Home Analytics Explainable Artificial Intelligence (XAI) for AI & ML Engineers

Explainable Artificial Intelligence (XAI) for AI & ML Engineers

by datatabloid_difmmk

prologue

Hello to all AI & ML engineers. Artificial intelligence (AI) and machine learning Engineering is the fastest growing sector, with almost every industry adopting engineering to enhance and speed up business decisions. SMEs and AIML experts build solutions.

Undoubtedly, we follow lifecycle-specific recommendations to select the right algorithms and provide solutions for forecasting. Regression (or) clustering (or) classification modeling. Things don’t stop there.

For more clarity, an end-user or stakeholder would like more clarity on the solution and justification. This gray area is the so-called black box.

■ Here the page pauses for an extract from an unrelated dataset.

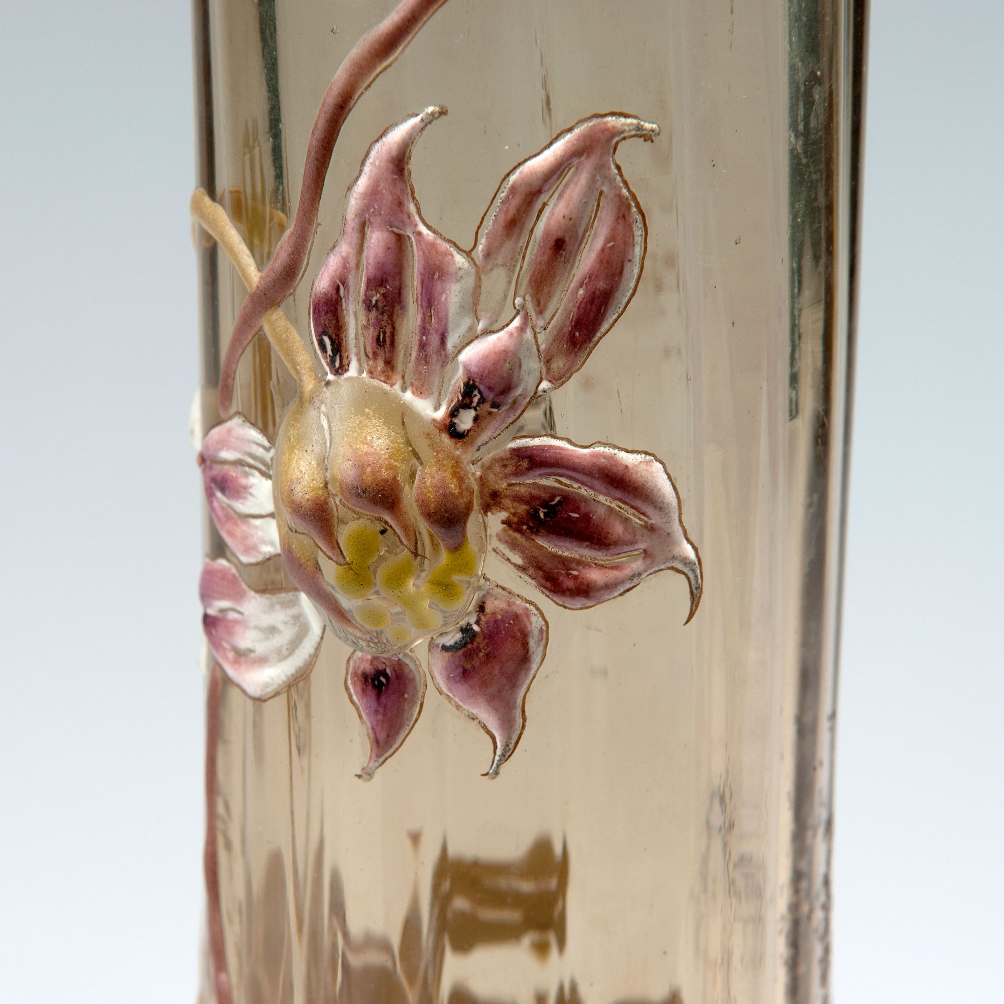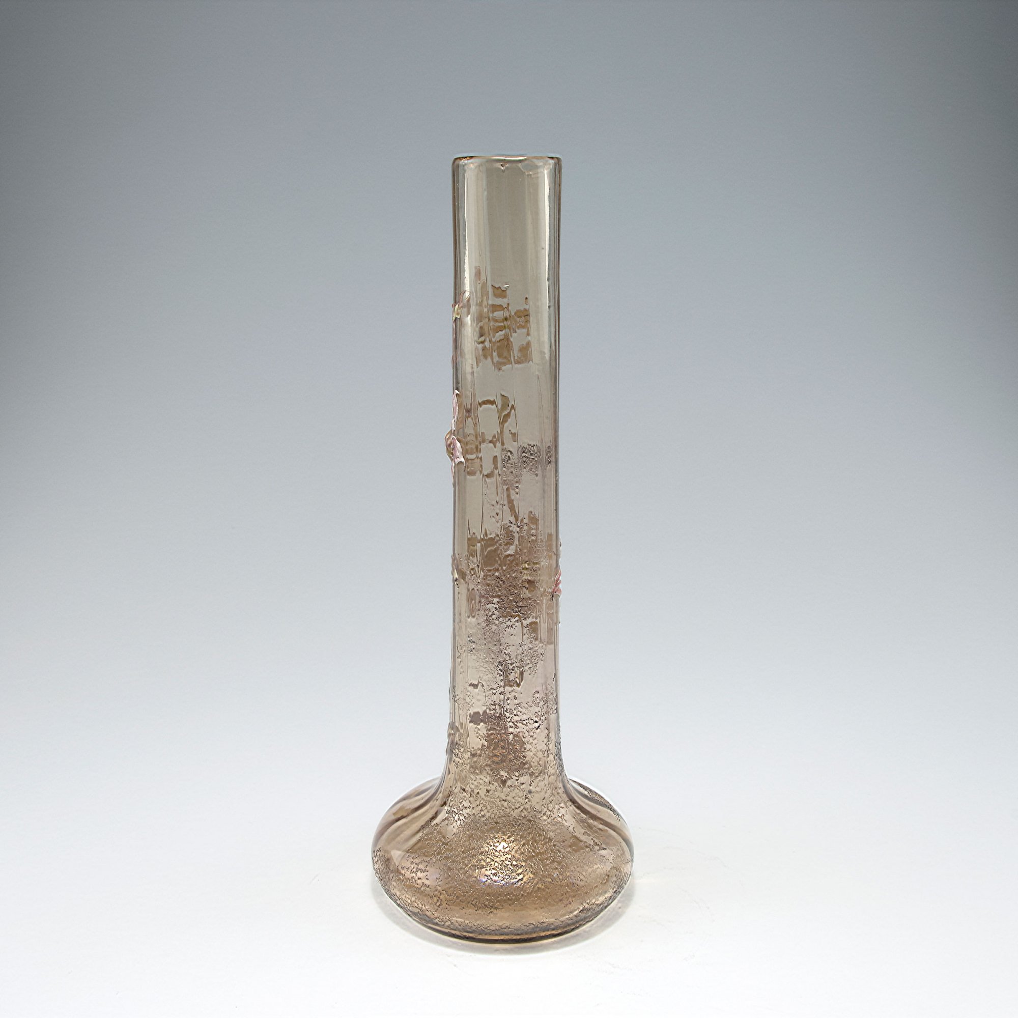 Emile Gallé, Nancy. Tall 'Dahlias' vase, 1890-94. H. 40 cm. Smoke coloured glass, optically blown. Etched and enamelled pattern with dahlias, three applied cabochons as flowers, part gilded. Signed: Cristallerie d'Emile Gallé modèle et décor déposés with flower.
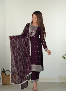 Designed for elevated ethnic wear, this Wine Rangoli Silk Kurta Set blends rich texture, flattering structure, and coordinated styling.

Currently, in the industry, the expensive add-ons of this series are the so-called Explainable AI (XAI) I’m sure you’ve heard of this term before. This add-on gives confidence to the machine learning (ML) models we are developing and is very transparent. This will drive his adoption of AIML in many industries such as: Banking, Finance, Healthcare, Retail, Manufacturing, Giant Research Use Case.

In this article, we will accurately understand the following topics within a prescribed timeline without getting bored.

  • What is Explainable AI?
  • Why Choose XAI
  • explainability techniques
  • The theory behind XAI
  • The need for model explainability
  • Poor ML Prediction Results

What is Explainable AI?

Explainable Artificial Intelligence (Zai) is a collection of well-defined processes and methods that enable users to understand and trust the output produced by well-chosen machine learning algorithms. Influence, and Potential Bias.

This article provides the intangible view you need. explainability techniques Machine learning (ML), along with key explanations and approaches,

This is necessary for stakeholders and consumers to understand the transparency and interpretability of algorithms beyond their scope.

Generally speaking, there are multiple questions about the benefits of AI and ML adoption and how it can broaden the scope of current business challenges to meet consumer expectations.

So, to answer these questions, Explainable (XAI) is in the field, helping many industries, and explainability is now a prerequisite.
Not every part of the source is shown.